The human rights of millions of people, such as their rights to life,
employment, food and water, are at risk from climate change. The risk is higher
in developed countries, which are expected to be more frequent in drought
conditions, crop loss and other climatic emergencies. In addition, the technical
and financial tools needed to respond to climate change are lacking in many
developed countries. In reality, because of the financial, economic and food
crises and rising demographics, they still face the problems in understanding
the economic, social and cultural rights of their citizens.

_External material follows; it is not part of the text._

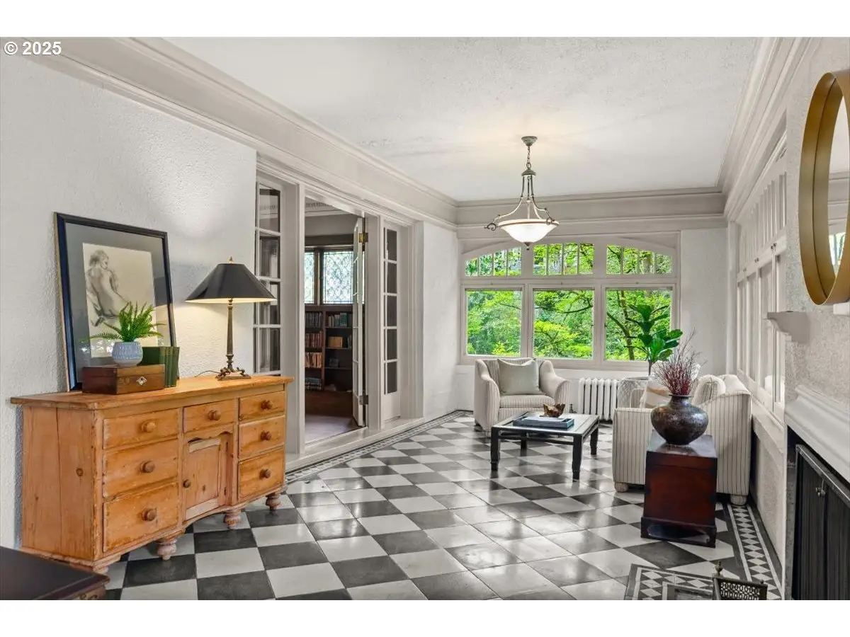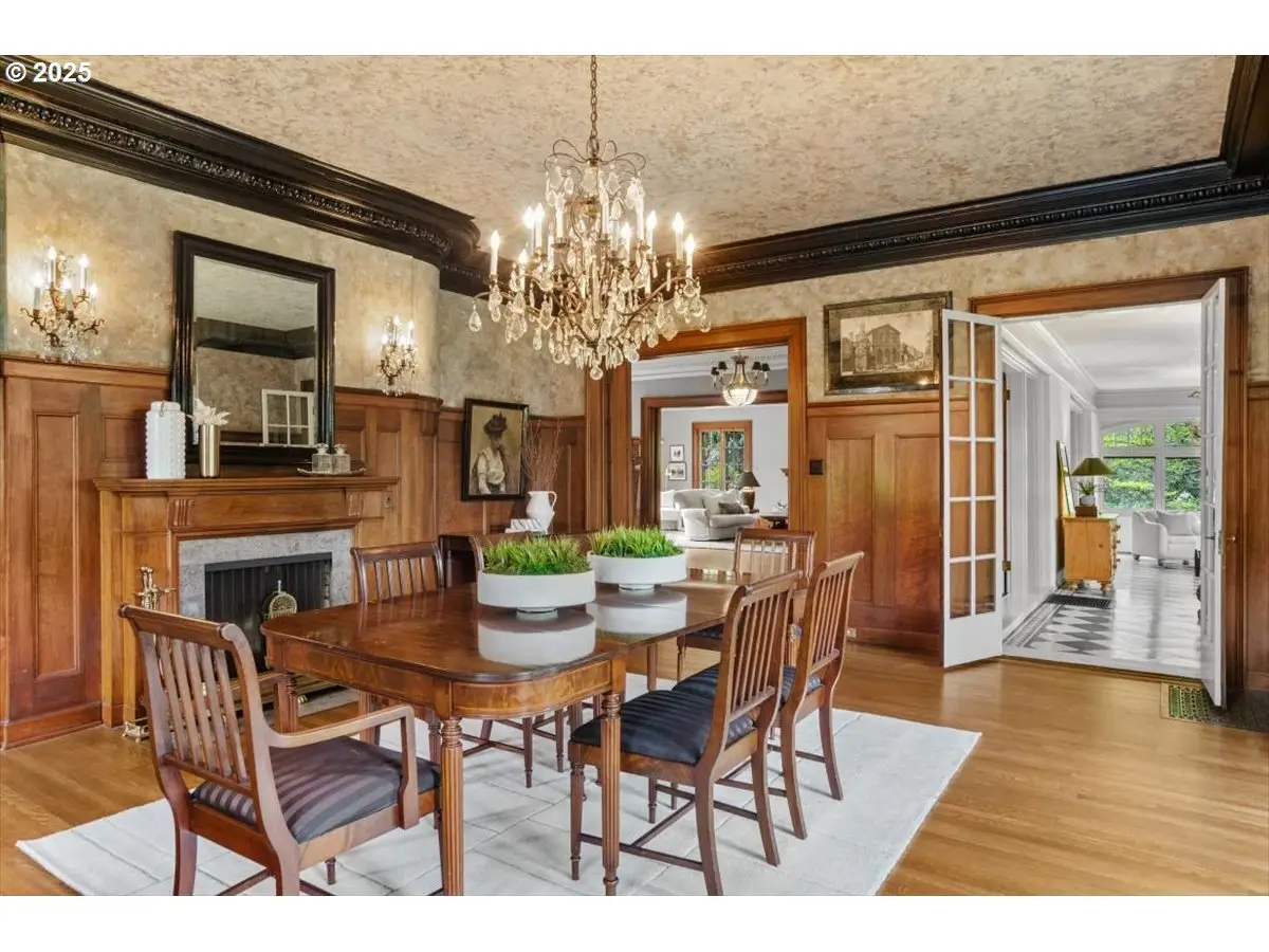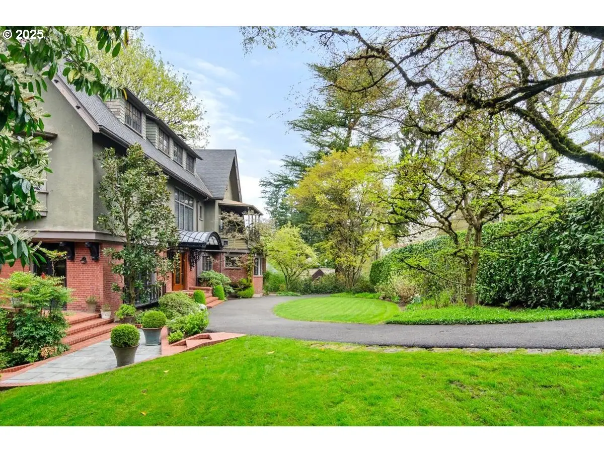 Designed in 1912 by Architect Josef Jacobberger, the Giesy/Failing House is a stunning blend of Craftsman and Arts and Crafts styles, offering an unparalleled sense of grandeur. Ideally located in the coveted West Hills on 1.55 acres, this property features steep intersecting gabled roofs, a cantilevered stucco second floor, and exquisite wrought-iron detailing. The distinguished arched glass and wrought-iron canopy at the entrance sets the tone for the home's stately interiors. Inside, the high ceilings throughout, wood paneling, leaded glass windows, intricate moldings, and multiple fireplaces create an atmosphere of timeless sophistication. With five bedrooms, four full and two half bathrooms, and expansive living spaces — including a grand foyer, sunroom, library, formal dining room, and recently remodeled kitchen — this residence seamlessly blends architectural heritage with modern convenience. Listed on the National Register of Historic Places and located on a dead-end street just minutes from parks, trails, the city, major hospitals, schools and high tech, this is a rare opportunity to own a true Portland landmark. [Home Energy Score = 1.]

Legal commitments on
human rights explicitly compel States to intervene and protect persons and
peoples from human rights abuses.
Introduction
Climate change has been marked by legal and political leaders the most serious
and fundamental problem we face today, the most significant and fundamental
question that affects our lives, the worst challenge facing our world, and
finally, the biggest global health threat in the 21st centuries, the biggest
human rights threat of our day.
The scientist believes that the primary cause of climate change is human
consumption of fossil fuels, which contributes vast amounts of carbon dioxide
and other greenhouse gases to the air. These gases capture the heat within the
atmosphere, thus causing many detrimental habitats that are more vulnerable to
wildfires, such as increasing marine temperatures, extreme weather events and
droughts. Climate change has now been one of the biggest issues and threats
facing the human race.
Due to global mixing of greenhouse gases (GHGs) in the atmosphere, anthropogenic
climate change is a global commons problem. International collaboration is also
needed to make real progress on climate change mitigation. This Paper discusses
and explores objectively on how international partnership agreements and
instruments have been organized and can be applied. In order to be able to
achieve climate change mitigation and adaptation, the Article defines the
framework of possible international negotiations and other policy instruments.
The United Nations Climate Change Framework remains a primary international
climate negotiations platform. However, other organisations, including
financial, international, national and local projects, as well as public-private
initiatives and transnational networks have arisen at various levels. This and
other connections generate possibilities, future co-benefits or damages that
have not yet been explored in detail.
Human Rights and Climate Change – Recent Initiatives
In a particular resolution, the Human Rights Council of the United Nations
discussed the connection between climate change and human rights. This
resolution determined that climate change
"threatens the world's population
and societies urgently and broadly" and called for a thorough review of the
links between climate change and human rights to be conducted by the United
Nations High Commissioner for Human Rights (UNHCHR).climate change-related
impacts have a range of implications, both direct and indirect, for the
effective enjoyment of human rights including, inter alia, the right to life,
the right to adequate food, the right to the highest attainable standard of
health, the right to adequate housing, the right to self-determination and human
rights obligations related to access to safe drinking water and sanitation.
The Right to Life
Several current and expected consequences of climate change affect the right to
live adversely. For example, the growing severity of tropical storms has cost
thousands of lives in Sub-Saharan Africa. The climate forecasts indicate a
growing tendency in both developed and developing countries towards climate
disasters. The high amount of GHGs currently released largely by the developing
world can and will increase these impacts. However, developing countries are and
would be affected more severely and are therefore incapable of managing and
responding to climate change.
More than 90% of people vulnerable to climate hazards live in the developing
world, and more than half of disaster deaths occur in low-human development
index nations.
The legal obligations on the right to life are bolstered by a variety of
international and regional conventions on human rights, including the ICCPR International
Covenant on Civil and Political Rights (ICCPR) and customary international law.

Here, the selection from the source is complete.